Ron Paul, candidato presidencial republicano, congresista por Texas, dice que Obama puede ser expulsado del poder por “asesinar” a Al-Awaki. ¿Por qué? La Constitución norteamericana, en su Quinta Enmienda es clarísima: nadie puede ser privado de la vida sin un previo juicio justo.
Obama preside una república regida por leyes que obligan a su cumplimiento a todas las personas. La función principal de la Constitución es limitar la autoridad de los gobernantes, y cuando estos se extralimitan existe el impeachment para expulsarlos del poder.
Pero el presidente norteamericano es el jefe supremo militar del país y se espera que defienda la seguridad nacional. Si Al-Awaki amenazaba la existencia de muchos norteamericanos con acciones terroristas, ¿no tenía Obama el deber de ejecutarlo, matarlo, o como quiera llamarse al acto de quitarle la vida?
El problema es que hay un peligroso vacío en el ordenamiento jurídico norteamericano. Tiene razón Obama cuando decide matar al terrorista. También la tiene Ron Paul cuando opina que los poderes presidenciales no alcanzan para eliminarlo. Es inconcebible, que el Presidente tenga que solicitar permiso judicial para escuchar las conversaciones telefónicas de Al-Awaki, pero no para ordenar que le disparen un misil devastador.
Obama no es el primer mandatario norteamericano que intenta liquidar a un enemigo de la nación. Kennedy quiso acabar con Fidel Castro con la ayuda de la mafia. Reagan intentó pulverizar a Gadafi mediante un bombardeo aéreo; Bush trató de terminar con Bin Laden. ¿Eran incorrectas esas acciones? ¿No se habrían evitado 70 millones de muertes si un experto tirador en tiempos de Roosevelt le hubiese disparado en la frente a Adolfo Hitler antes de que invadiera Polonia en 1939?
Hoy todo esto es peligrosísimo.

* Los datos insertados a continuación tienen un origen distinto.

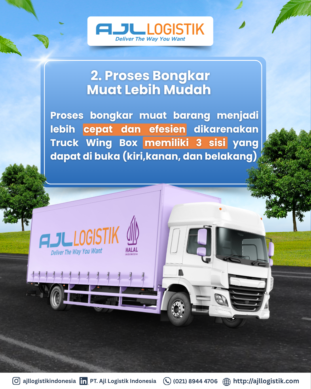 - Proses bongkar muat barang menjadi lebih cepat dan efesien dikarenakan Truck Wing Box memiliki 3 sisi yang dapat di buka (kiri,kanan, dan belakang)
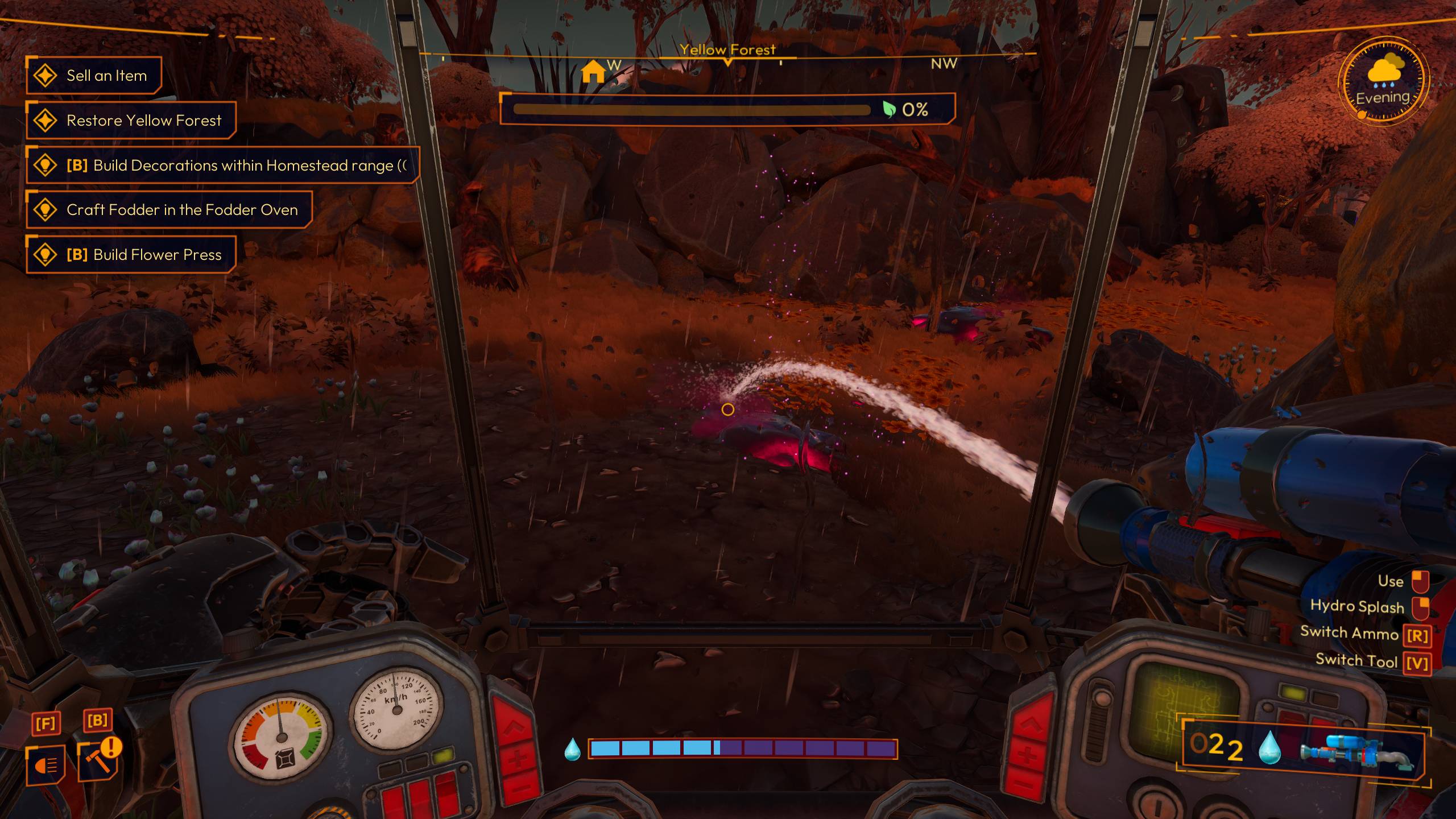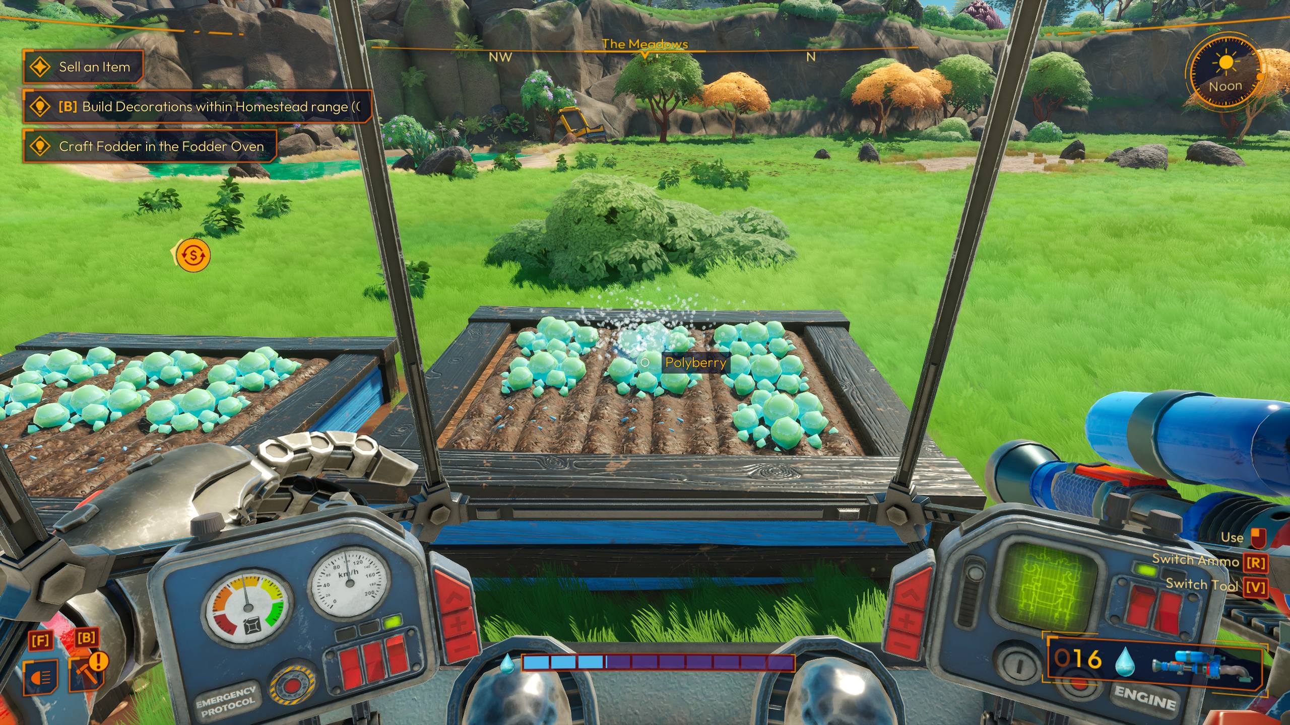 Frontera de Lightyear Los mechs añaden un toque interesante a la idea de la agricultura fronteriza, y dependerás mucho de las diversas herramientas de tu mech. Esto incluye la sierra de púas para cortar árboles y romper rocas, la manguera de riego para regar cultivos y limpiar el entorno local, la cosechadora por vacío para absorber recursos y el tirador de semillas para plantar cultivos. Se recomienda encarecidamente que actualice estas herramientas primero.

Como principio, es muy alarmante que una persona pueda decidir por su cuenta si mata o no a un enemigo del Estado, pero, además, el propio presidente Obama podría correr futuros riesgos si, tras abandonar la Presidencia, un fiscal extranjero pidiera encausarlo por asesinato, como le sucedió a Pinochet cuando visitaba Inglaterra desprevenidamente.
Probablemente esto nunca suceda, pero no es imposible. En la era de la internacionalización de la justicia nadie está totalmente a salvo de una acción penal inesperada.
Acaso la manera estadounidense de evitarles dificultades a sus expresidentes sea crear, mediante una ley, una instancia judicial a la que los gobernantes norteamericanos puedan someterle ciertos casos extremos que deben ser juzgados y sancionados a muerte en ausencia, sin que el Poder Ejecutivo resulte convicto de actuar al margen de los principios y las normas de la República. Si existe el derecho a matar hay que regularlo.